Starters consist of a vegetable soup, presented in beautiful kitsch crockery, and Portobello mushroom bruschetta, both at £3.50. The soup is quite dense, it has a touch of paprika, and is littered with lentils and kale; perfect for cold winter evenings. The soft
Portobello mushrooms are cooked to perfection with all the flavours complementing each other beautifully. Add to this the juxtaposition of the strong stilton and the calming poached pears and you have an extraordinary dish.
Mains start at £7.50 for bubble and squeak (shredded pork and a fried egg) and go up to £10.50 for cushion of lamb with cannelloni beans and sauteed kale. The latter is a superb piece of meat which is more tender than better known cuts. The bitter
flavour of kale is, for some, eaten only under protest as it can be a quite harsh yet unexciting vegetable, but in this dish it adds depth to the lamb and is a well thought-out addition.
There are also two specials, one being a wild mushroom risotto and the other is an Aberdeen Angus burger with homemade chips. You can have either with a beer or a glass of wine for £8.25, which is a bargain to say the least. The burger is mighty and
has a creamy mushroom sauce with it making it that little bit tastier. And the thick-wedge crispy chips are divine especially when dipped in either the mushroom sauce or tomato ketchup.
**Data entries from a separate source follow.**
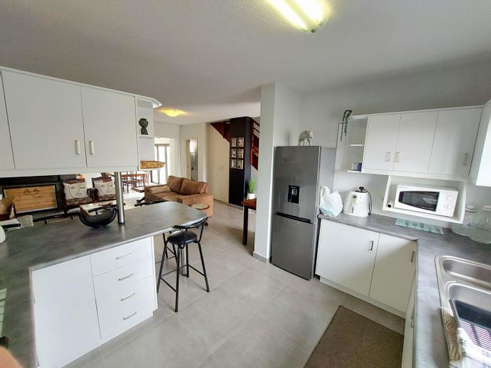 Three bedrooms, two bathrooms, one garage, 128 m² townhouse near the beach with indoor braai and guest toilet.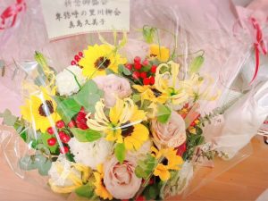 2023年4月22日は川柳文学コロキュウム終刊記念の集いの開催日。心配していたお天気も暑くもなく寒くもなく、雨の心配もない爽やかな一日で、これはきっと神さまがちゃんと見て下さっていたのでしょう。急な呼びかけにもかかわらず参加表明して下さった会員および誌友は私を除いて32名。地元の大阪、兵庫、奈良、京都の他、青森、宮城、福島、栃木、茨城、千葉、静岡、富山、石川、福井、広島、鳥取、島根。宮崎等、遠方からも大阪・梅田にある会場・がんこ梅田本店の宴会場までかけつけて下さいました。中には私も初めてお目にかかる方が4名おられて緊張した時間も。それぞれの自己紹介、飲んだり食べたり歓談したり、後半にはミニ句会(事前投句の自由吟・ますみ選)等等3時間という制限の中でうまくこなせるか心配していましたがちょうどいい感じで終了までこぎつけ、最後に店員さんにスマホ撮影で手伝ってもらったのが上の集合写真です。かわいいお花もたくさん頂戴しました。
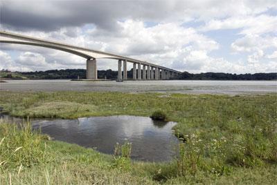 The image shows Orwell Bridge, Ipswich, the route of the A14 as its heads south towards the proposed toll section in Cambridgeshire.

Desserts (all £3.50) have an English pudding feel to them. Highlights include a rustic rhubarb crumble and the most indulgent (and best) bread and butter pudding you will ever have the pleasure to sample. It is clearly homemade and the extra addition of
chocolate and Baileys make it creamier and definitely more indulgent.
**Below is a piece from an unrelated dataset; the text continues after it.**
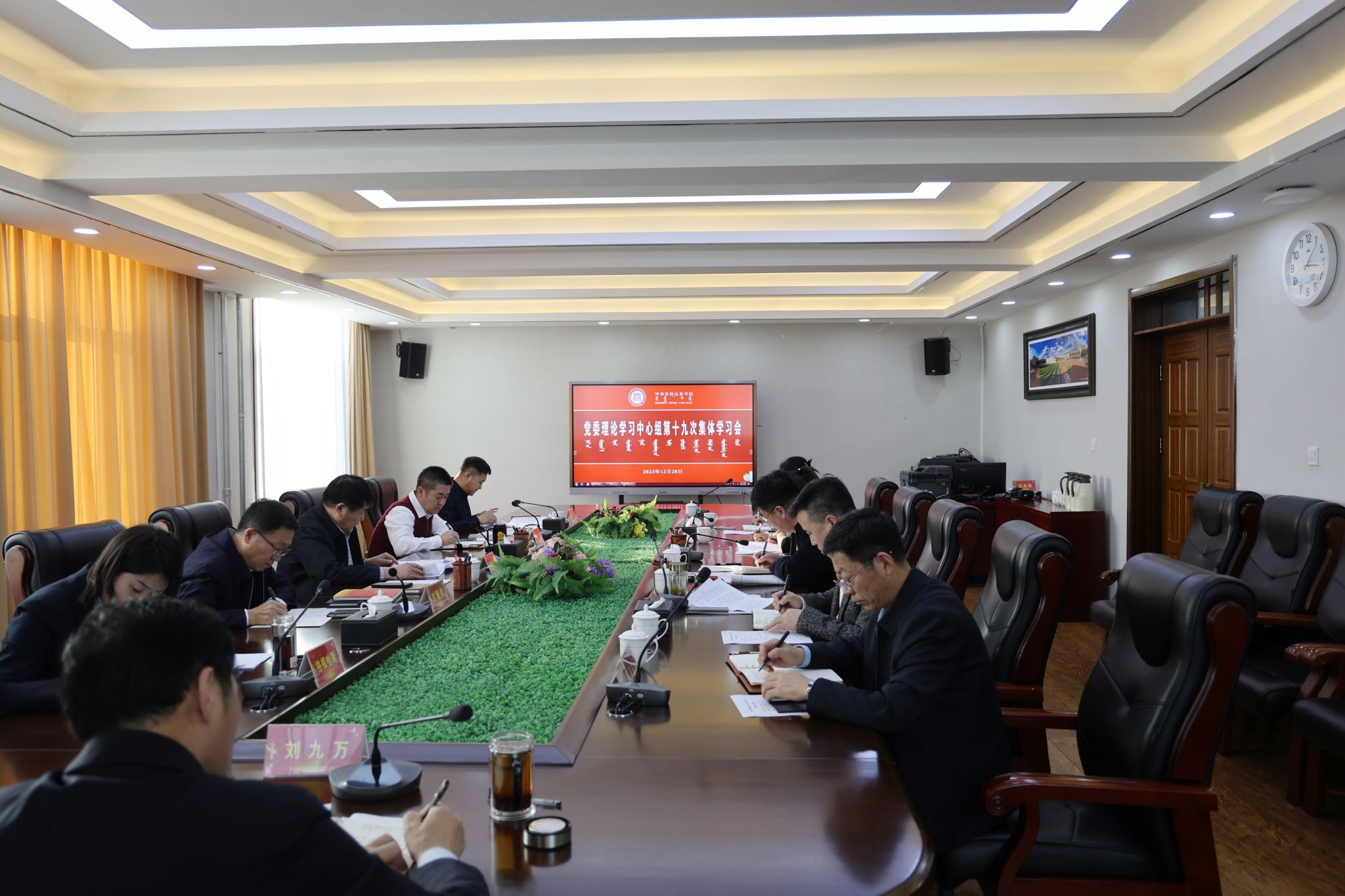為進(jìn)一步深入學(xué)習(xí)貫徹習(xí)近平總書記關(guān)于加強(qiáng)和改進(jìn)民族工作的重要思想,深入學(xué)習(xí)領(lǐng)會(huì)習(xí)近平總書記在中央經(jīng)濟(jì)會(huì)議上的重要講話精神、在中央政治局專題民主生活會(huì)議上的重要講話精神,推動(dòng)習(xí)近平新時(shí)代中國(guó)特色社會(huì)主義思想入心入腦,推動(dòng)鑄牢中華民族共同體意識(shí)建設(shè)走深走實(shí),推動(dòng)學(xué)校高質(zhì)量發(fā)展,12月28日,校黨委書記劉九萬(wàn)主持召開黨委理論學(xué)習(xí)中心組第十九次集體學(xué)習(xí)會(huì)。校黨委理論學(xué)習(xí)中心組成員出席會(huì)議。

One of the great things about the dishes are the portion sizes. Normally in pubs there’s either too much or too little on the plate, but at The Pear Tree they are just right. They keep you nicely fulfilled and not stuffed at the seams. Also, they are seasoned
so well that you seldom need the salt and pepper.
The Drink
There are a few beers on offer, with London Pride the cheapest (£3.15 a pint) and Stella weighing in at a more expensive £3.75 a pint. They also change the ale frequently to keep the regulars happy. The wine list is small but perfectly formed. The house,
the Marques De Calado, is £2.70 for 125ml, £3.60 for 175ml and £14 the bottle. The Chilean Merlot (£3; £4; £15) goes wonderfully with the lamb as it is a rich, deep, uncomplicated wine. For fizzier tipples there’s a rose Prosecco and a normal Prosecco
for £4.50 by the glass and £21 a bottle, and the Champagne is only £29 for a bottle, so everything is very reasonably priced.
The Last Word
The Pear Tree is one of those rare establishments that manages to cater for all needs. Whether it’s for food that compares favourably with the standards found in top restaurants, or for a quiet drink, you are bound to leave suitably impressed.